Ayant pris la température de l'univers de Jodorowsky avec "El Topo" je partais tout de même avec un bagage pour entamer un nouveau voyage dans le crâne de ce fou furieux du cinéma, "La Montagne Sacrée" est juste une expérience comme j'en n'ai rarement vécu, un trip hallucinatoire dont on ne ressort pas indemne c'est certain.
Son film déborde d'idées et de symbolisme, le parcours initiatique de neuf personnes d'influence pour atteindre l'immortalité, renoncer à leur biens matériels et au monde pour découvrir le sens de la vie, Jodorowsky dépeint la violence, la cupidité et l'obscénité de l'homme, il veut le laver de ses pêchés. Le rapport à la religion est assez critique, le catholicisme en prend pour son grade, il le voit comme une représentation corruptrice de l'individu, d'une image détournée, il le tourne même au ridicule comme dans cette scène de l'église avec le curé, semble t-il un peu dérangé sur les bords, il ouvre la voie à une autre forme de sacralisation, une sorte de secte jodorowskienne où la purification se réalise par l'apprentissage et la dépossession matérielle, on peut y voir un certain rapprochement avec le bouddhisme (déjà abordé dans "El Topo").

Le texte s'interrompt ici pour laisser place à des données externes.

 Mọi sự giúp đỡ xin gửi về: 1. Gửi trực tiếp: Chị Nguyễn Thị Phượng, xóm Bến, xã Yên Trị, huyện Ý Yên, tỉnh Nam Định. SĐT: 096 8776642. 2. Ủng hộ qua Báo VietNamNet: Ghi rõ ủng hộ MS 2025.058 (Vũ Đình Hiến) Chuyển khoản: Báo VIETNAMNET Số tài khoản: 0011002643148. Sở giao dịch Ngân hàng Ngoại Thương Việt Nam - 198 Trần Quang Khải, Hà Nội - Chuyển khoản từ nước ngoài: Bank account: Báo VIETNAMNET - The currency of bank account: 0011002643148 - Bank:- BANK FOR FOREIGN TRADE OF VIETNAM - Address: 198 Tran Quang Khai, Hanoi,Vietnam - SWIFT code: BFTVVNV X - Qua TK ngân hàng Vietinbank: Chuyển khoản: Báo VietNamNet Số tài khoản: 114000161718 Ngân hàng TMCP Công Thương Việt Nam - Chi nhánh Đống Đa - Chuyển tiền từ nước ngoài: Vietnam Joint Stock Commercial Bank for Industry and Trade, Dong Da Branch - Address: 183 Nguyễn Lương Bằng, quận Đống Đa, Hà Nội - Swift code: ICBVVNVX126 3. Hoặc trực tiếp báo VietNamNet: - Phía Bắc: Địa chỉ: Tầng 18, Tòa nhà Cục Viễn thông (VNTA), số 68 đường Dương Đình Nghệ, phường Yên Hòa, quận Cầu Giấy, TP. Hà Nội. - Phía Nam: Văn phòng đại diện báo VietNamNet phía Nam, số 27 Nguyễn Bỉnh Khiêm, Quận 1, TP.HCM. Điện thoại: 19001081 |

Il est vraiment difficile de décrypter tout les symboles de ce film, il en est rempli, pour le faire je pense qu'il faudrait le revoir plusieurs fois pour espérer y trouver des indices, mais après tout est ce vraiment utile ? Pas sur. Car ce côté quasi abstrait et très artistique qui en découle joue aussi sur notre ressenti majeur par rapport à l'objet cinématographique que propose Jodo, un peu comme analyser un tableau surréaliste de Dali, l'improvisation d'un créateur peut donner lieu à diverses interprétations, c'est avant tout sensitif et cognitif, il stimule, interpelle, fait réagir. Je pense que ce gars là a tout compris au support du septième art, il en fait quelque chose de puissant, créatif, authentique et implicitement subversif, son film a une âme, une personnalité, une signature, c'est la marque des artistes.

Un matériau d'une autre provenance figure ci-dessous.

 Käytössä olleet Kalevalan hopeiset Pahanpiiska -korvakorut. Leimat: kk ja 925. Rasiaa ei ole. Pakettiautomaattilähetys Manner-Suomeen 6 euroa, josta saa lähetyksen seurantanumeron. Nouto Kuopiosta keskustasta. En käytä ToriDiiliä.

Il invente constamment, que ça soit les costumes, les décors ou les objets, genre la machine à orgasme fallait vraiment le faire, ah ah j'ai trouvé cette scène complètement dingue, parfois c'est tellement haut perché qu'on se demande comment on peut imaginer des trucs pareils, en même temps ça colle bien avec le contexte fin 60 début 70 et la mode des hallucinogènes en tout genre, Jodorowsky expérimente et s'amuse du cinéma, et quand on a du talent on accouche d'une œuvre intéressante en cherchant à dépasser sa propre ambition, et pour le coup c'est réussi.
Et plus le film avance plus on bascule dans un univers extrêmement singulier, on pète les barrières nous rattachant à une quelconque tangibilité, c'est autant notre expérience que celle de ces neuf sages, on lâche derrière nous nos principes et notre rapport au réel, cela peut être douloureux mais il faut s'accrocher pour gravir le sommet de ce long métrage ...
"Je vous ai promis la vérité, vous n'allez pas être déçu" lâche Jodo imself lors de cette scène finale pour le moins surprenante,
où il nous sort en quelque sorte de notre catharsis, il n'oublie pas qu'un film, aussi expérimental qu'il soit, reste un film, un objet et non une réalité suggérée, il force le spectateur à émerger de son rêve et retrouver la vie extérieure pour ne pas l'instrumentaliser, il ne se veut en aucun cas sectaire.
Oui "La Montagne Sacrée" est bizarre, assez excluant et parfois déconcertant, mais il est vraiment extrêmement intéressant dans le traitement de son univers et de son propos, Jodorowsky fait parti de ces cinéastes qui ont une vraie ambition et qui ne triche pas avec la caméra, il dompte la pellicule pour en sculpter une forme particulière et quasi abstraite, il suffit simplement d'y entrer et d'en sortir.